The Dogniaux-Lemoine monthly dependent model proved to be the best model for three locations but was overall ranked third because it performed badly for some other sites. When new model coefficients are calculated, we obtained clear model improvement for three locations (Osijek, Rijeka, and Zagreb). The performance for Križevci is undetermined, as the model improves a bit MAPE, but at the same time, MAE and RMSE increased. The original model performed very well for Split, so changing the coefficients resulted in a slightly worse performance. Yet again, the improvement in max PE is achieved for all five locations.

4. Conclusions

The up-to-date data covering the period 2009-2019 obtained from seven ground-based meteorological stations in Croatia are used to assess the performance of seventeen models for estimating global horizontal radiation using sunshine duration data.
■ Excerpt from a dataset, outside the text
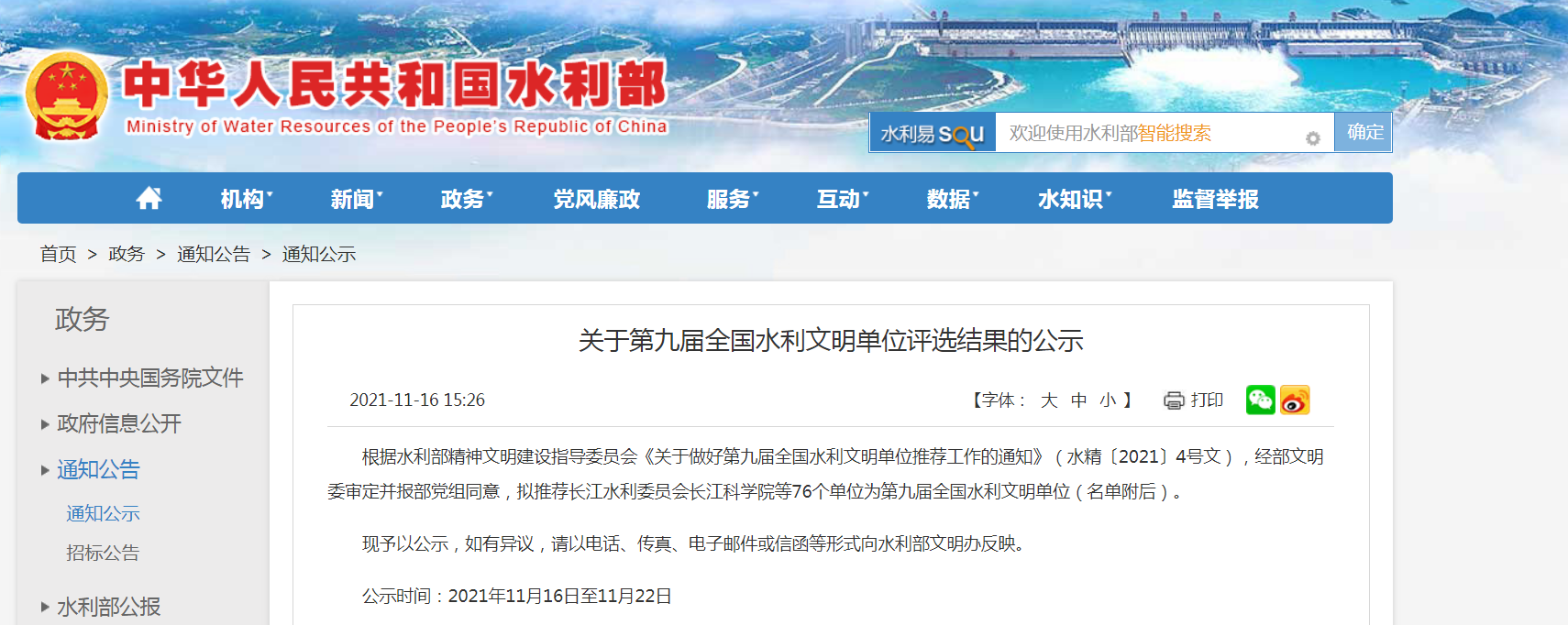 为展示水利精神文明建设丰硕成果,激发水利系统各单位参与精神文明建设积极性、主动性、创造性,2021年3月,水利部精神文明建设指导委员会启动第九届全国文明单位推荐申报工作,按照“从严把关、确保质量“的原则,经过严格规范评选,水利部文明委于近日公布了第九届全国水利文明单位的评选结果,我处成功入选第九届全国水利文明单位。
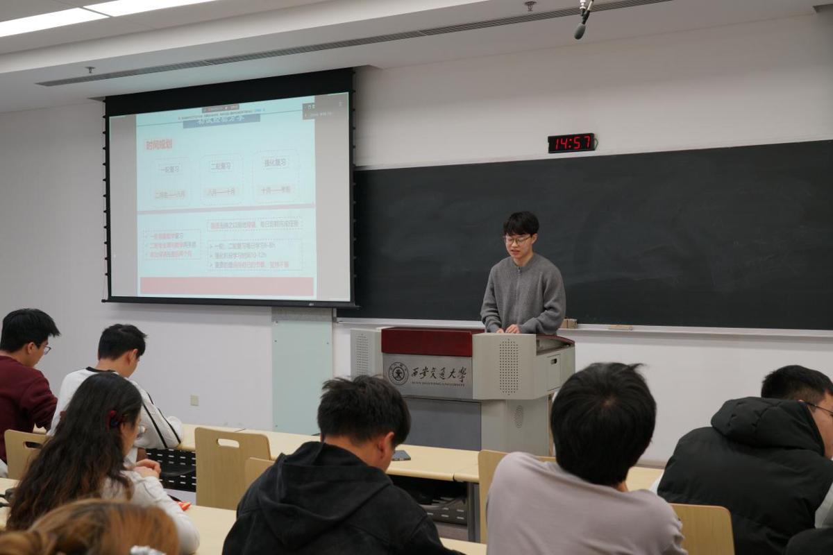“考研引路”环节同样干货满满。硕5073党支部陈昶安提出“分阶段规划”策略,强调“考研是持久战,需合理分配时间、保持良好心态”。硕5062党支部刘森则分享自己在备考过程中的练习技巧,鼓励同学们善用自身优势积极备考。

The performance of the models was numerically expressed combining four statistical indicators: mean absolute percentage error, mean bias error, mean absolute error, and root-mean-square error. The Rietveld model was the best overall, followed by the Soler and Dogniaux-Lemoine monthly dependent models. Although Soler and Dogniaux-Lemoine models have monthly specific coefficients, they fell behind the simplest of them, as Rietveld model uses Page’s linear relation with yearly constant coefficients. The Dogniaux-Lemoine model performed the best for three seaside locations with Mediterranean climate (Dubrovnik, Split, and Zadar), the Rietveld itself was the best model for Rijeka, and the Soler model performed the best for Gospić. The Newland model gave the best results for Zagreb and was ranked 4^th overall, while the Louche model, which was the best for Parg, was only ranked 11^th overall. In terms of the model percentage error, calculated in % as a deviation from the measured values, we found that in some cases, this error can even surpass 20%. Generally, the biggest percentage error occurs during the months with lower solar radiation. The coefficients of all models have been recalculated in order to adjust the models to the Croatian climate, and the validation of the adjusted models was performed using another dataset consisting of data from five stations (Križevci, Osijek, Rijeka, Split, and Zagreb). For the available dataset, we found that only the Dogniaux-Lemoine model performed better with adjusted models, while the Soler model even showed a bit worse performance with regard to the original coefficients. We believe that this is because the number of data values used for calculation of the adjusted coefficients was too small to achieve better correlation. This will be included in our future work. As for the Rietveld model, the value was 0.9397, and the adjusted coefficients do not differ much from the original ones so the performance of the adjusted and original model is pretty much the same. One thing to notice is that adjusted coefficients in all cases improved the maximum percentage error, and in some cases, this improvement was significant.

Data Availability

Sunshine duration data used in the study were supplied by the Croatian Meteorological and Hydrological Service under the research license and cannot be made freely available. Calculation data are available from the corresponding author upon request.

Conflicts of Interest

The authors declare that they have no conflicts of interest.

Acknowledgments

The authors wish to thank Croatian Meteorological and Hydrological Service for providing the data for the study. This work was financed by the Croatian Ministry of Science and Education.